Scientific classification
- Kingdom: Animalia
- Phylum: Chordata
- Class: Mammalia
- Infraclass: Placentalia
- Order: Eulipotyphla
- Family: Soricidae
- Genus: Crocidura
- Species: C. rhoditis
- Binomial name: Crocidura rhoditis Miller & Hollister, 1921

= Sulawesi white-handed shrew =

- Genus: Crocidura
- Species: rhoditis
- Authority: Miller & Hollister, 1921
- Conservation status: LC

Species of mammal

The Sulawesi white-handed shrew or Temboan shrew (Crocidura rhoditis) is a species of mammal in the family Soricidae. It is endemic to the island of Sulawesi in Indonesia. It is a fairly common species and the population seems stable so the International Union for Conservation of Nature has assessed its conservation status as being of "least concern".

==Taxonomy==
The Sulawesi white-handed shrew was first described in 1921 by the American zoologists Gerrit Smith Miller Jr. and Hollister as Crocidura rhoditis. The type locality is Temboan in North Sulawesi. Crocidura rhoditis is part of an assemblage of shrews endemic to northern and central Sulawesi which also includes the Sulawesi shrew (Crocidura lea), the black-footed shrew (Crocidura nigripes), the elongated shrew (Crocidura elongata) and the mossy forest shrew (Crocidura musseri). Deep genetic divergences have been detected within Crocidura rhoditis, suggesting the existence of potential cryptic diversity in this species

==Description==
The Sulawesi white-handed shrew is a small species of white-toothed shrew; it lacks the deposits of iron in the enamel of the teeth which is seen in the red-toothed shrews. The dorsal pelage is short and velvety, being greyish-brown or reddish-brown and the underside is paler. The ears are prominent, the legs are short, the feet are white, and the tail is long and clad with a few long well-scattered hairs.

==Distribution and habitat==
The Sulawesi white-handed shrew is endemic to the Indonesian island of Sulawesi where it is found in the northern, central and southwestern parts of the island. Its typical habitat is primary tropical lowland or montane forests, but it seems able to survive in secondary forests as well. The extent to which it can adapt to degraded habitats is unclear.

==Behaviour==
Very little is known of its natural history and behaviour of the Sulawesi white-handed shrew.
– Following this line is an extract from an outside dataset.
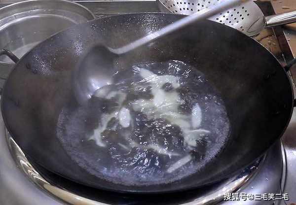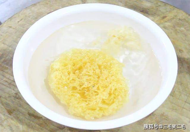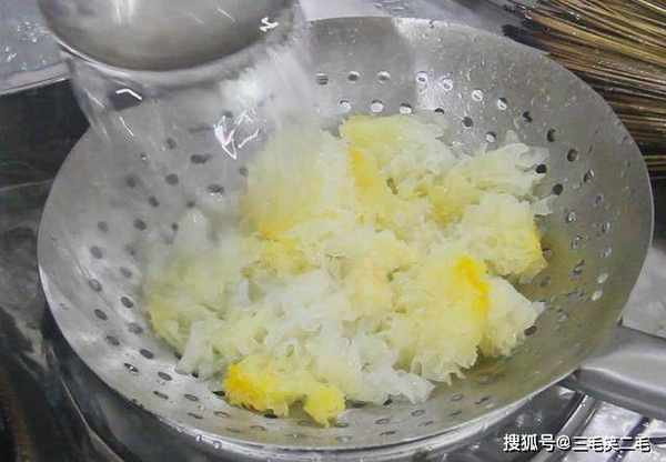 3.锅内烧开水,水烧开后倒入泡好的银耳,焯水30秒后捞出用清水反复冲洗。

Like other members of its family it lives among the leaf litter and is insectivorous and is likely to eat insects and small arthropods. They have a very short lifespan, with most individuals living for only 12-18 months.

==Status==
The Sulawesi white-handed shrew is fairly common in some locations and is regularly caught in pitfall traps. The population trend appears to be steady and no particular threats to this species have been recognised although it is likely to be adversely affected by forest clearance. It has a wide range and is believed to be present in several protected areas, and the International Union for Conservation of Nature has assessed its conservation status as being of "least concern".